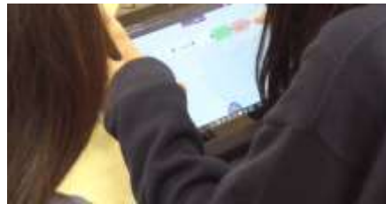
【写真 2】オクリンクを使って、正しい語順に単語を並べ替える様子
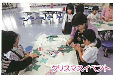
クリスマスイベント
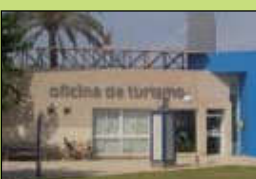
Oficina de turismo
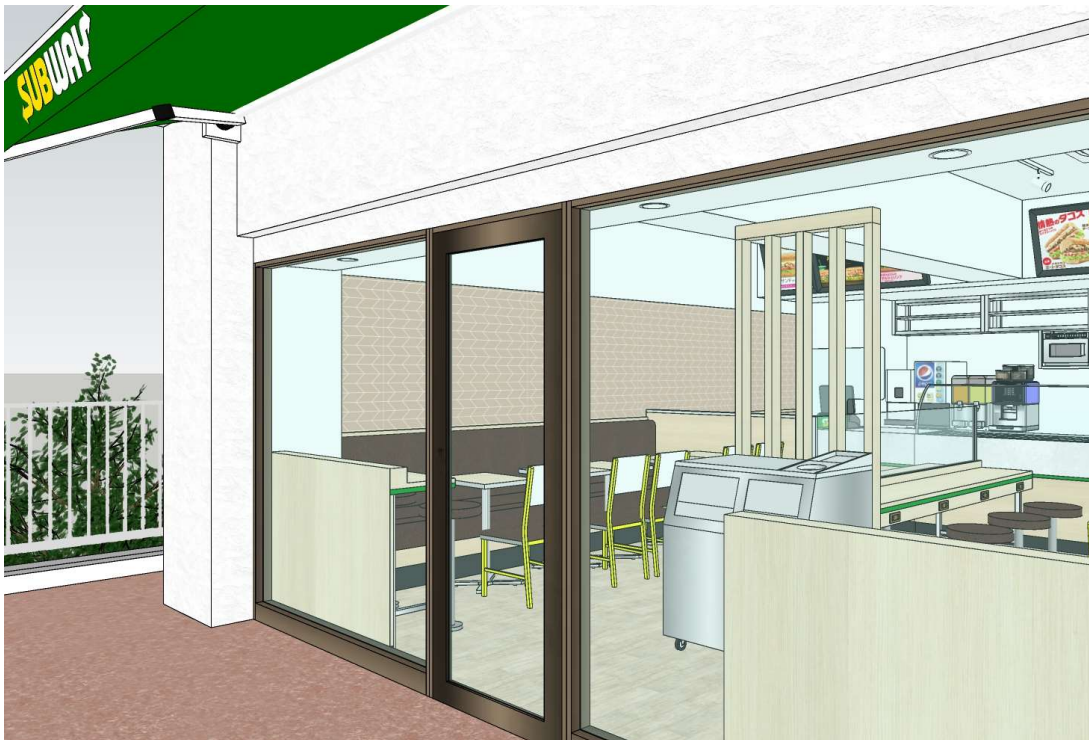
サブウェイ大森駅北口山王店 外観②

WORK ITEM
Copy the listing exactly but drop its images.

EXERCISE ANSWER
【写真 2】オクリンクを使って、正しい語順に単語を並べ替える様子
クリスマスイベント
Oficina de turismo
サブウェイ大森駅北口山王店 外観②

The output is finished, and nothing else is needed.